# 24K Stamping Tool



## Anslow (Mar 1, 2022)

Hey y’all, any ideas on where I can find a large 24k stamp? All the ones sold only go to 1mm. I’d like one larger, several mm if possible.
There are .999 fine stamps that are bigger but this was my first bar and isn’t that pure as a result. Still within standards to be labeled as 24k according to XRF results. Most spots on it come to .99 but a few were lower, 99.8. Thanks for the consideration! All the info on here helped me make this rather decent looking first pour!


----------



## Ray Levi (Dec 12, 2022)

Anslow said:


> Hey y’all, any ideas on where I can find a large 24k stamp? All the ones sold only go to 1mm. I’d like one larger, several mm if possible.
> There are .999 fine stamps that are bigger but this was my first bar and isn’t that pure as a result. Still within standards to be labeled as 24k according to XRF results. Most spots on it come to .99 but a few were lower, 99.8. Thanks for the consideration! All the info on here helped me make this rather decent looking first pour!

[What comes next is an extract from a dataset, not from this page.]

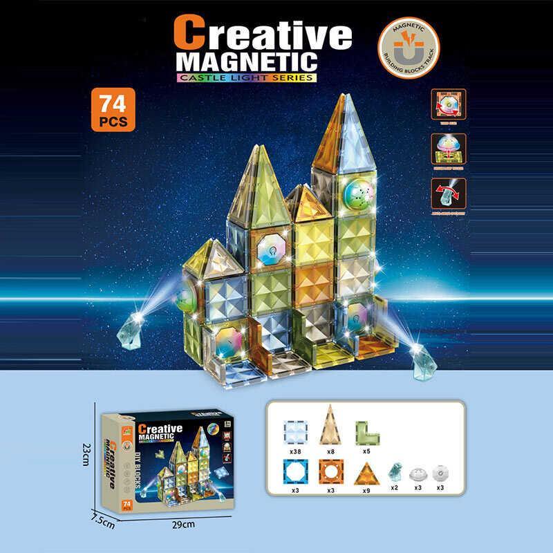 Магнітний конструктор для розвитку творчості Цей набір відкриває безмежні можливості для дитячої фантазії та креативної гри. У конструктора 74 деталі шести різних типів, які легко з'єднуються завдяки сильним магнітам. Яскраві елементи з підсвічуванням додають особливого шарму створеним моделям, дозволяючи будувати казкові замки, дороги, міста та інші об'єкти. Ключові характеристики: - 74 магнітні деталі різних форм - 6 типів конструктивних елементів - Підсвічування на 3 типах деталей - Батарейки для підсвічування включені у комплект - Розвиває просторове мислення, уяву та дрібну моторику
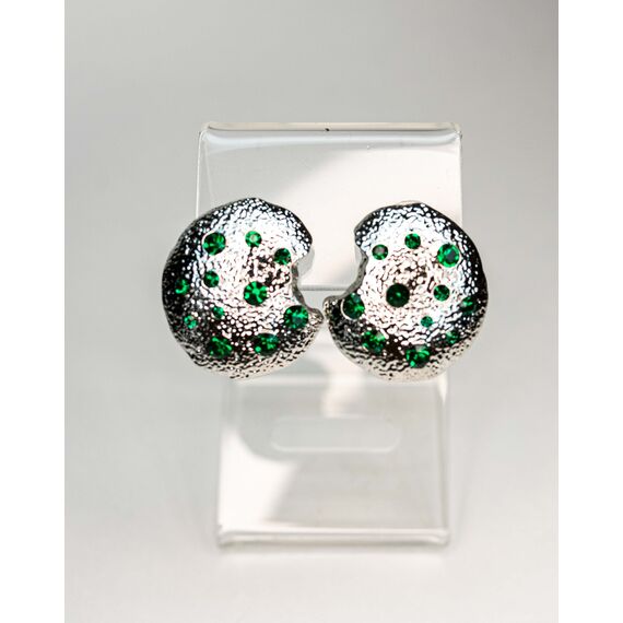 Серьги из гипоаллергенного ювелирного сплава серого цвета . Вставка- ювелирное стекло зеленого цвета. Итальянский замок (швенза-1,2см и застежка-клипса). Высота серег-2,5см, ширина-2см.

Contact www.xelexo.net. great prices, free shipping.


----------



## BlackLabel (Dec 14, 2022)

Ray Levi said:


> Contact www.xelexo.net. great prices, free shipping.


Ray,
Even if you are a GRF sponsor, there's no need to spam your advertising all over the forum.
Does xelexo offer hallmark tools?


----------



## nickvc (Dec 14, 2022)

You could in all honesty stamp it 995 that is still accepted as fine gold on the market.


----------